Elsa Soyars is bringing a European approach to home décor on the East End. Having grown up in Portugal, “I’m used to seeing castles,” the interior designer says with a slight accent from her native tongue. “I go through a creative process,” she continues. “I get inspired by many different things.”
Her continued travels across the pond, to places like France and Italy, and around the United States to California, provide inspiration on colors, textures and cultures. “I would interpret my style as chic, elegant, timeless, sexy at times – not boring,” she explains. “I like to push the envelope.”
That being said, like many in her trade, her clients’ visions for their spaces take priority, with Soyars there to encourage and help, and sometimes veto unwise decisions. Her opinions are welcomed, she says, since in the end, customers are paying to hear them. “I love when people have some things that we can work with, something that has sentimental value,” Soyars notes. “I want my client’s imprint in a home, but sometimes it’s not good and I’m going to be honest.”
In addition to residential clients, Soyars is also deeply involved in the new-build scene. She works with developers on spec homes, by collaborating with architects at the start of projects and staying on board all the way to staging houses for showings to potential buyers. Staging, she says, is a science in itself, and can help even the most unsightly property look attractive on the market. She even keeps a storage unit of art, furniture and other décor in a secret location to draw from if builders want to rent pieces from her or if she needs furnishings to work with. “You can do wonders with staging,” she says. “It’s an illusion – it creates a story.”
A key element to her aesthetic is keeping rooms neat and orderly. Trinket-hoarding is something she’s noticed more in American households, but messiness can cause stress and confusion, and can be bad for your overall health, Soyars says. In fact, straightening up her childhood farmhouse was her hobby as a child, she recalls, and was her first foray into interior design. Rather than playing with dolls and games, she remembers rearranging furniture and cleaning off surfaces. “Housekeeping is a huge thing in design,” she says. “It’s all about well-being and not living in clutter. It’s about living your best life.”

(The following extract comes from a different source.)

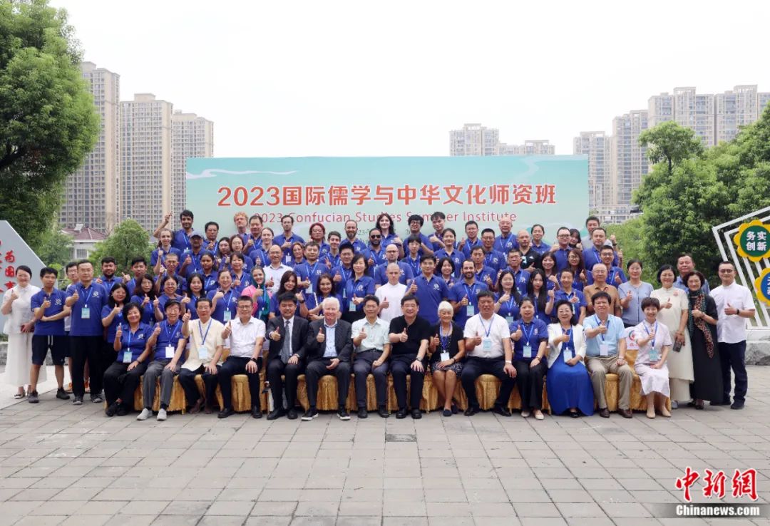 2023年8月14日,與會(huì)嘉賓和學(xué)院在活動(dòng)現(xiàn)場(chǎng)合影。當(dāng)日,由北京外國(guó)語(yǔ)大學(xué)與國(guó)際儒學(xué)聯(lián)合會(huì)聯(lián)合主辦的“2023國(guó)際儒學(xué)與中華文化師資班”開班儀式在江蘇省丹陽(yáng)市舉行,來(lái)自20多個(gè)國(guó)家和地區(qū)的120名學(xué)員,參加為期13天的中華傳統(tǒng)文化研修。李國(guó)慶 攝

Because artists do need an outlet for their full creative expression, Soyars participated in this summer’s Holiday Showhouse in Water Mill, which ran from June 23 to August 4. The event is held nearly every year to raise money for the Breast Cancer Research Foundation. It features roughly 20 designers, each of whom presents in a different section of a home. This year’s was located in a 12,527-square-foot spec house in Water Mill, currently listed with Dawn and Frank Bodenchak of Sotheby’s International Realty for $10,995,000.

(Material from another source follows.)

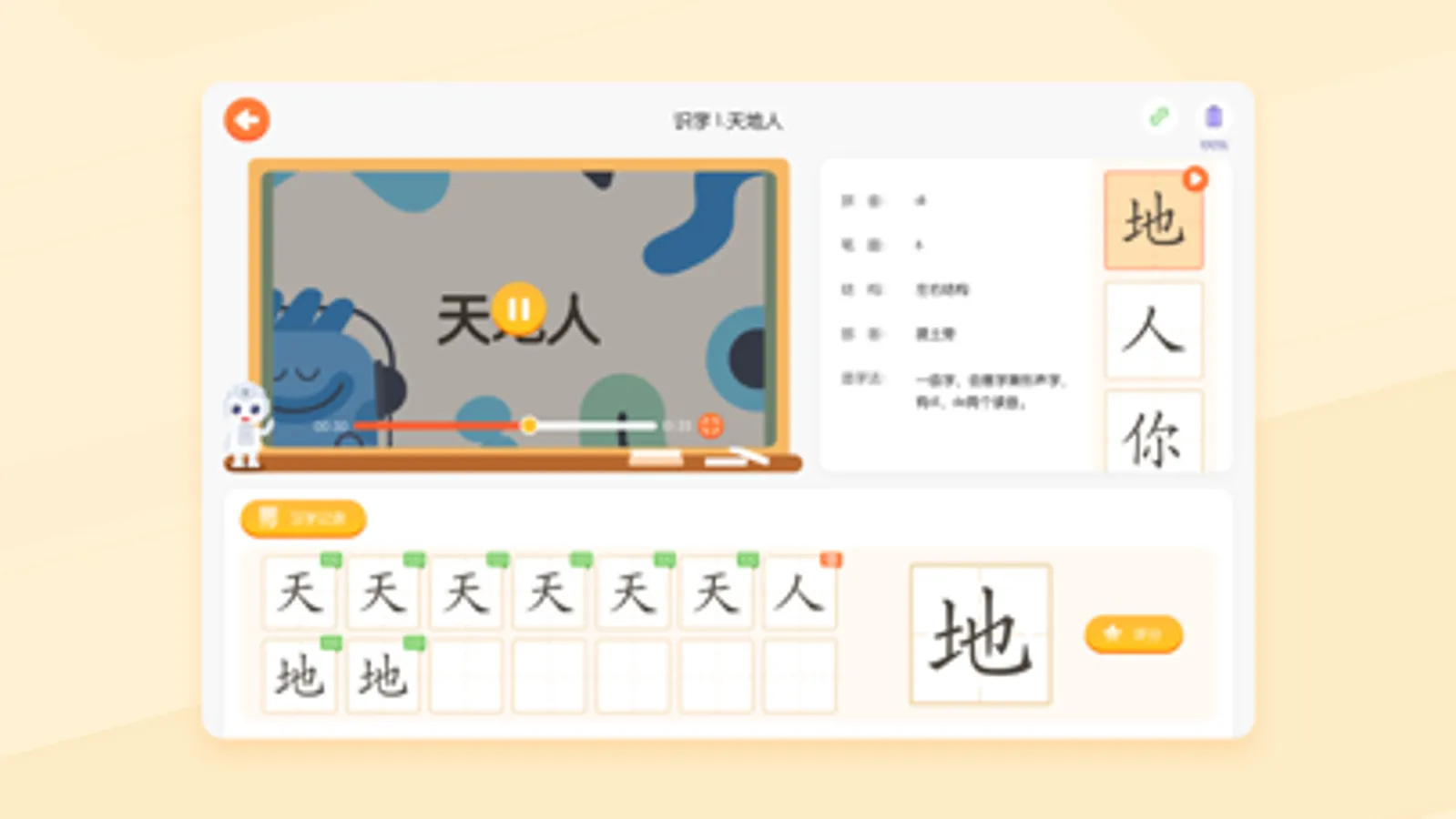 1. 教材同步:同步(部编版)《小学语文》1~6年级教材,内容全面;专业书法老师提供视频详细讲解,配套字帖与练习册随学随练;智能打分与评价纠偏系统,逐字规范学生书写习惯,引导学生写对字、写好字。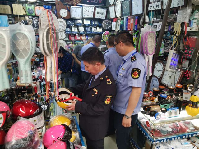 市场监管人员在阜宁小商品市场检查头盔销售情况。(盐城市市场监督管理局供图)

Together with Manhattan-based luxury furniture company Cliff Young, Soyars took on its master suite. “It’s really the most incredible room because it’s all my favorite things and this was all about me,” she says. And though showhouse events do help designers find new clients, Soyars’ main attraction to them is the opportunity to help bring awareness to a cause. “It’s important that in life that we give back without expectation,” she says.

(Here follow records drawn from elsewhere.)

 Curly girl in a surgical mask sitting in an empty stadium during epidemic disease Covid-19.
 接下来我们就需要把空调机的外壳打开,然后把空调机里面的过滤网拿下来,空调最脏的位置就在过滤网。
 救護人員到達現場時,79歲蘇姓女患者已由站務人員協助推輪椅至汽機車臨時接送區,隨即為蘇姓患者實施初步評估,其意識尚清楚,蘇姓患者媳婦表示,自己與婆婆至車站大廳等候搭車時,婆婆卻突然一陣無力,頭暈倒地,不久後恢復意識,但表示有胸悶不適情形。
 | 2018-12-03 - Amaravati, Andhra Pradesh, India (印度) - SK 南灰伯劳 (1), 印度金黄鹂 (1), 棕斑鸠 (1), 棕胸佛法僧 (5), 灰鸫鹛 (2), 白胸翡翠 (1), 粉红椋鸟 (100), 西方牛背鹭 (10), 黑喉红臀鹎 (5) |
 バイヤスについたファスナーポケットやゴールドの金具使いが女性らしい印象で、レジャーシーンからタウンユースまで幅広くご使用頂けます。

Soyars chose a nomadic and tribal theme for her space in the showhouse, furnishing it with her personal artwork collection, including a massive photo of a woman in Africa, and a wallpaper made of burlap and formica. On a recent trip to North Carolina, the designer came across a line of lamp sconces made out of linen that resembles horsehair, so she brought in a few of those too. “We wanted to create a room that was sophisticated but still approachable,” she explains. “A few of the pieces are from Italy, so we wanted to make sure it’s not super modern. We wanted it to be beachy.”